→ **Task to carry out**: Report each line from the data below that holds the word "same".

→ **Records from a data source**:
··········

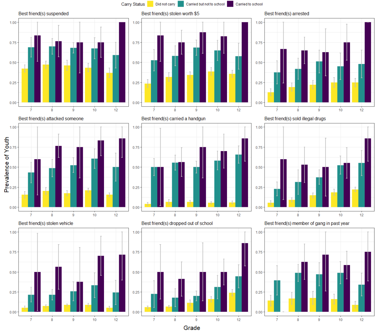
Online Figure 3. Proportion of youth endorsing peer risk factors by handgun carrying status at each grade with 95% CI. Panels are in the same order as represented in Table 1.
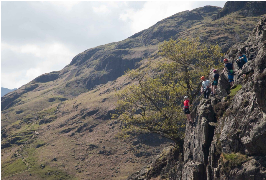
TWO IMAGES FROM BIG MOUNTAIN WEEKEND OR ARC'TERYX AND LAKELAND REVIVAL
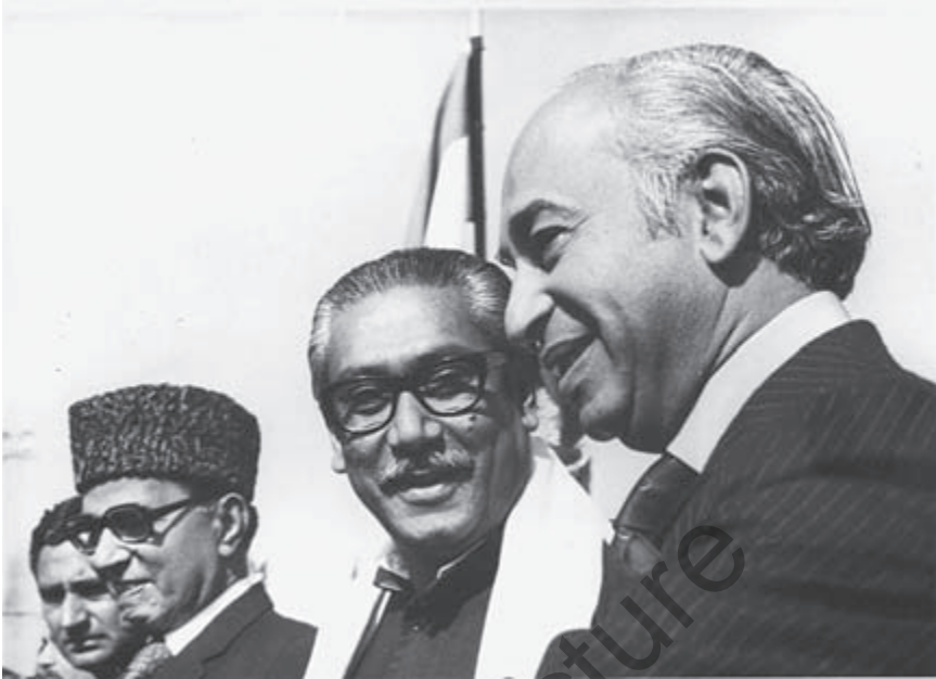
Zulfikar Ali Bhutto with Mujibur Rahman at Lahore Airport, February 23, 1974.

public rallies for their greed and exploitation. The reversal of commitments put off the PPP's left-wing constituency, dampening the spirit of party workers just when the land and labor reforms were generating enthusiasm for the PPP. It was the classic quandary of a populist politician who had successfully made his way to the apex of state power by playing to all factions within his party.
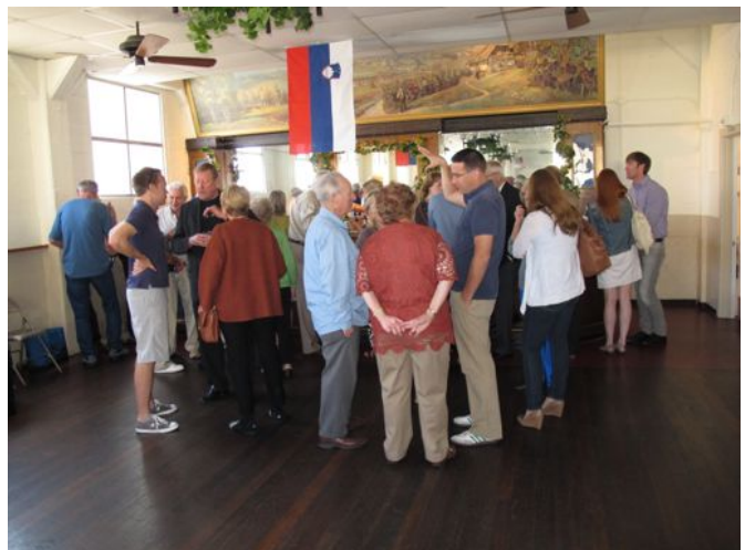
Conversation and libation.
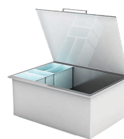
Drop-in Cooler with Condiment Tray

Sink, Bottle Opener, Towel Rack, Faucet, Trays, Drain, Insulated Ice Compartment
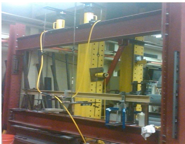
Fig. 2: Experimental test setup

The experimental and theoretical maximum loads P_e and P_t , respectively, are presented in Table 1 in addition to their ratios for a 4x2x0.25 in. I- shaped FRP cross section with length L equal to 60, 72, 84, 96 and 108 inches, respectively. The value of (L - 2a) , that is, the distance between the two applied loads P and P shown in Figure 1 was kept constant at 24 inches. The Young's ( E_{11} ) and shear ( G_{12} ) modulus values of the FRP beam material were 2,550 ksi and 420 ksi, respectively.
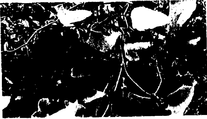
Fall Colors On The Blackwater
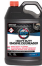
Engine Degreaser H/Duty 5L RDPHDD5L
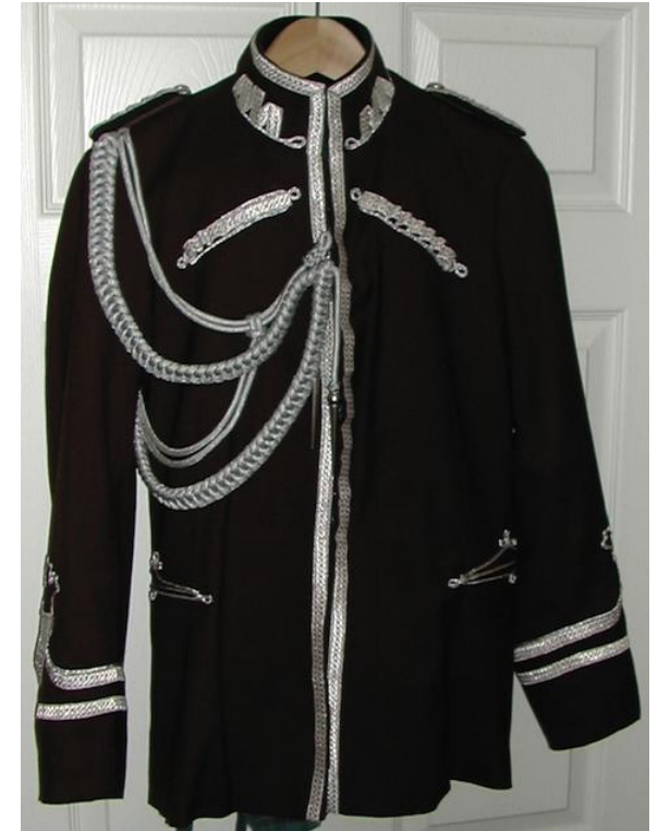
Front of coat.

The epaulettes and aiguillette are formerly of the East German Volksarmee , which went out of business in 1991 and sold off their entire supply at very low prices. Unfortunately, as the supply has dried up, it has become harder to find things like this, and the prices have also gone up. It would have been a lot more expensive to make this costume today than it was ten years ago. The epaulettes were originally for a major of the transport services. They were carefully taken apart and the blue felt backing replaced by the same brown wool as I used for the suit.
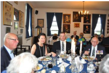
The Head Table
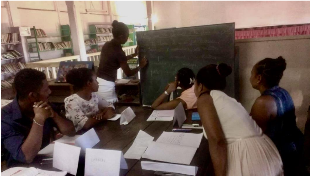
French language training for the Docenda teachers at the Alliance Francaise in Nosy Be, July 2022
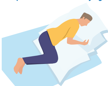
Adapted forward lean for lying
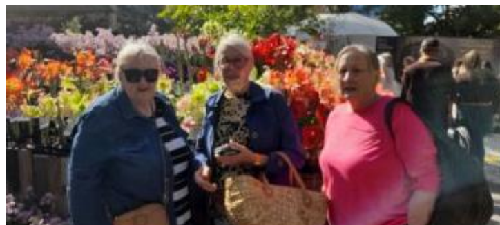
A day at the Melbourne International Flower and Garden show.
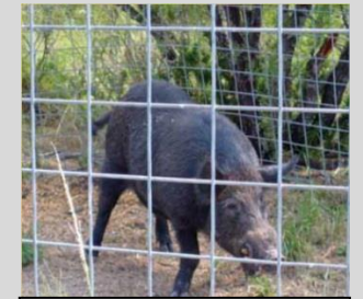
Trapped feral hog
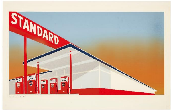
ED RUSCHA Standard Station (Engberg 5) screenprint in colors Executed 1966 Estimate: $200,000 – 300,000
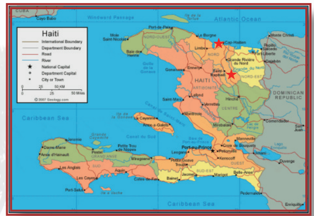
★ Locations of our programs in Haiti

Haiti a land of trials, disasters, sorrows, hardships, droughts and mudslides due to deforestation, earthquakes, hurricanes, floods, corruption, and despair! A place easy to give up on, right? However, we can't give up. Why? Because God has not given up on Haiti, so we won't either! As, "... one member suffers, all the members suffer with it. " 1 Corinthians 12:26
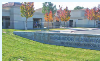
Ridgemoor Elementary School
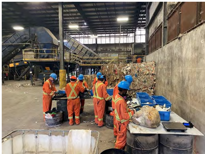
Photo 3: Sorting process of HRM collection Area 1. Photo taken August 30, 2022 during waste audit.
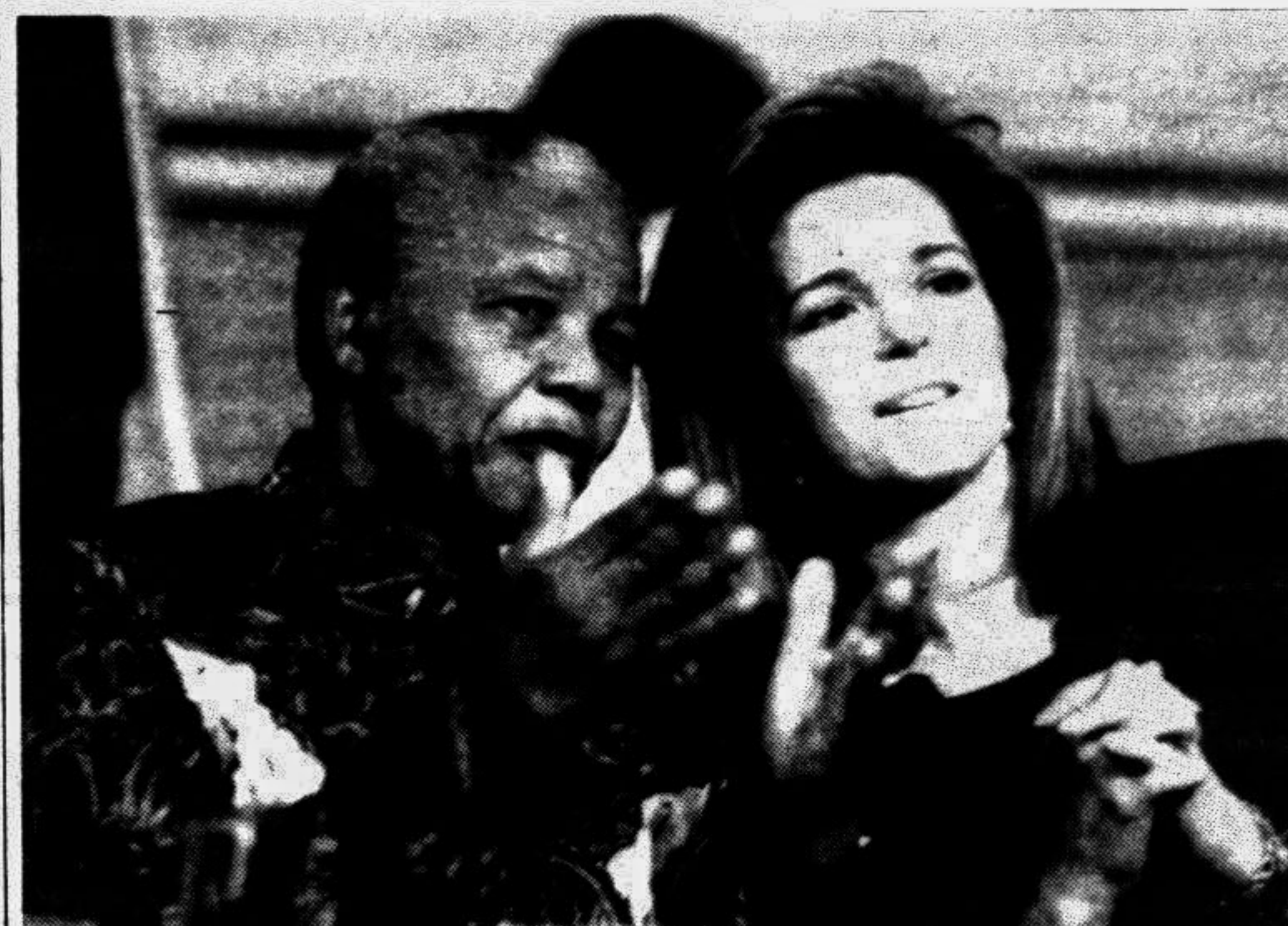
South African President Nelson Mandela (L) chats with Queen Norr of Jordan in her capacity as president of the United World Colleges at the opening of the annual congress in Johannesburg yesterday.

Police and witnesses said, some arms explosives and bombs, seized earlier, were being transferred by police from the old 'Maikhana' (store) to the new Maikhana in the recently constructed Collectorate building. Suddenly, a bomb fell from the hands of a constable and exploded.
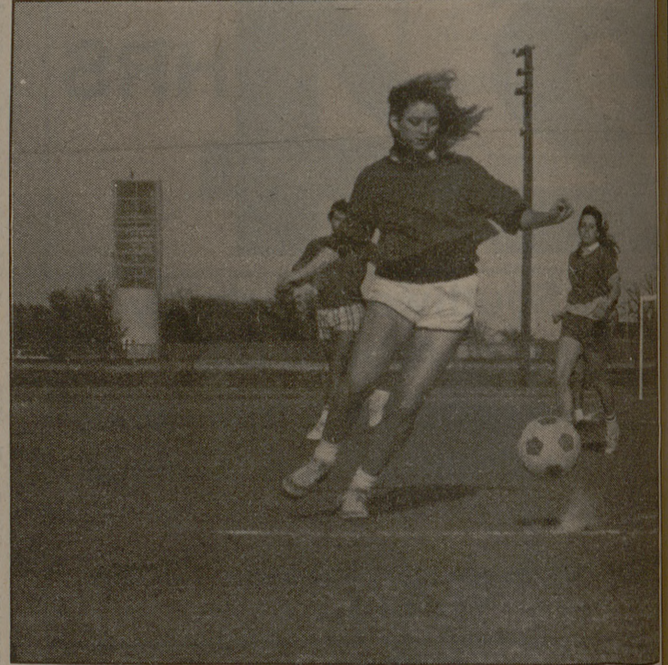
OUTDOOR SOCCER entries open today. Sign up in Rm 159, E. Kyle.
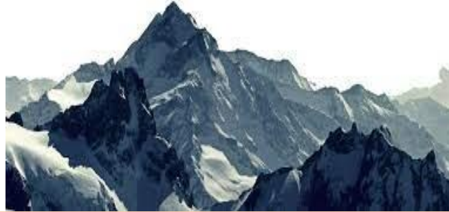
A range of hills
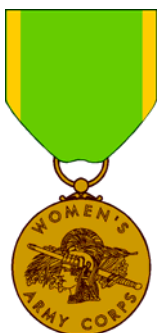
WOMENS ARMY CORPS MEDAL
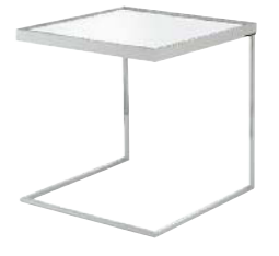
EVERYNIGHT Didier Gomez Refined pedestal table with a gloss white or black lacquer top and a matching base. Dimensions H 17¼" W 17¼" D 17¼"; H 45cm W 45cm D 45cm
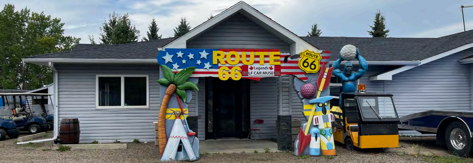
Photo Gallery - Legends Golf Car Museum
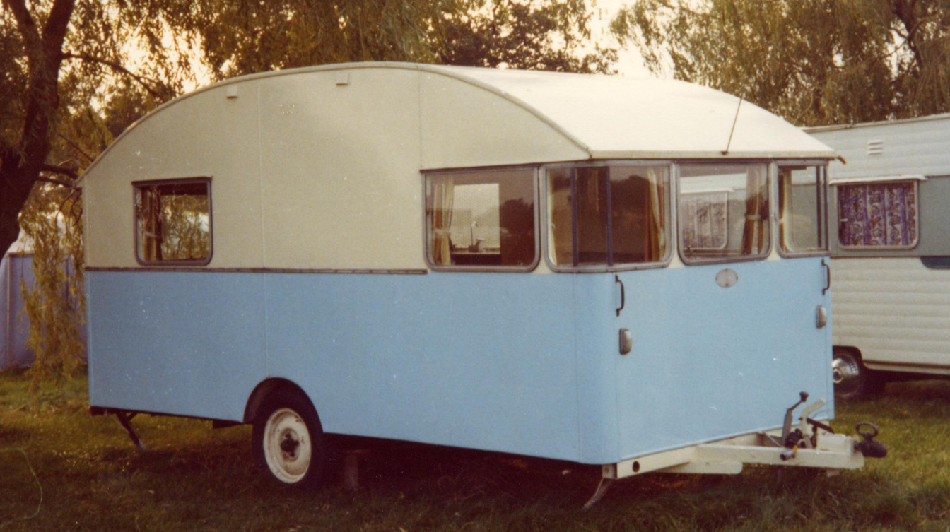
1956 Sprite 14
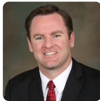
Will O'Neill Newport Beach Mayor Pro Tem Large City Representative
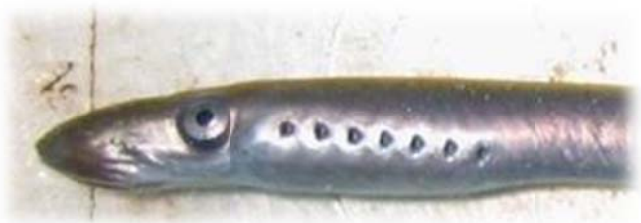
Juvenile Pacific Lamprey
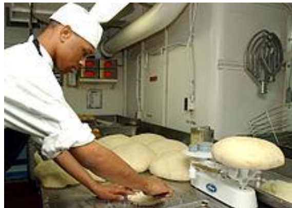
A baker prepares yeasted dinner rolls.

“Your boasting is not good. Don't you know that a little yeast works through the whole batch of dough?” (1 Corinthians 5:6)
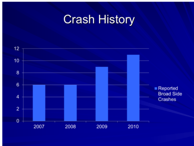
Crash History from 2007 and 2010 at Intersection

The current traffic control at the intersection is a two way stop sign on Lamar Street and no stop signs on West 14 th Avenue. There is an emergency signal on the west leg for the fire station on the NW corner of the intersection. The crash data was also reviewed and revealed a substantial number of crashes between 2007 and 2010, ranging from 6 broadside crashes per year to 11 per year respectively. This data did warrant a signal at this location, although a roundabout configuration was also a consideration (4).
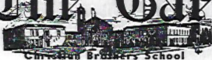
Christian Brothers School

SACRAMENTO, CALIFORNIA, FRIDAY, MAY 14, 1954
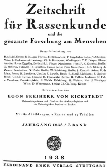
Fig. 3. First studies of races and racial biodiversity in Yugoslavia (including Bosnia and Herzegovina – Škerlj 1938 13 ).

As the results obtained through the analysis of phenotypic markers serve as a good model for additional test-
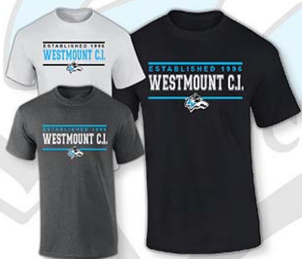
Short Sleeve T-Shirts

··········

→ **Exercise output**:
Online Figure 3. Proportion of youth endorsing peer risk factors by handgun carrying status at each grade with 95% CI. Panels are in the same order as represented in Table 1.
The epaulettes and aiguillette are formerly of the East German Volksarmee , which went out of business in 1991 and sold off their entire supply at very low prices. Unfortunately, as the supply has dried up, it has become harder to find things like this, and the prices have also gone up. It would have been a lot more expensive to make this costume today than it was ten years ago. The epaulettes were originally for a major of the transport services. They were carefully taken apart and the blue felt backing replaced by the same brown wool as I used for the suit.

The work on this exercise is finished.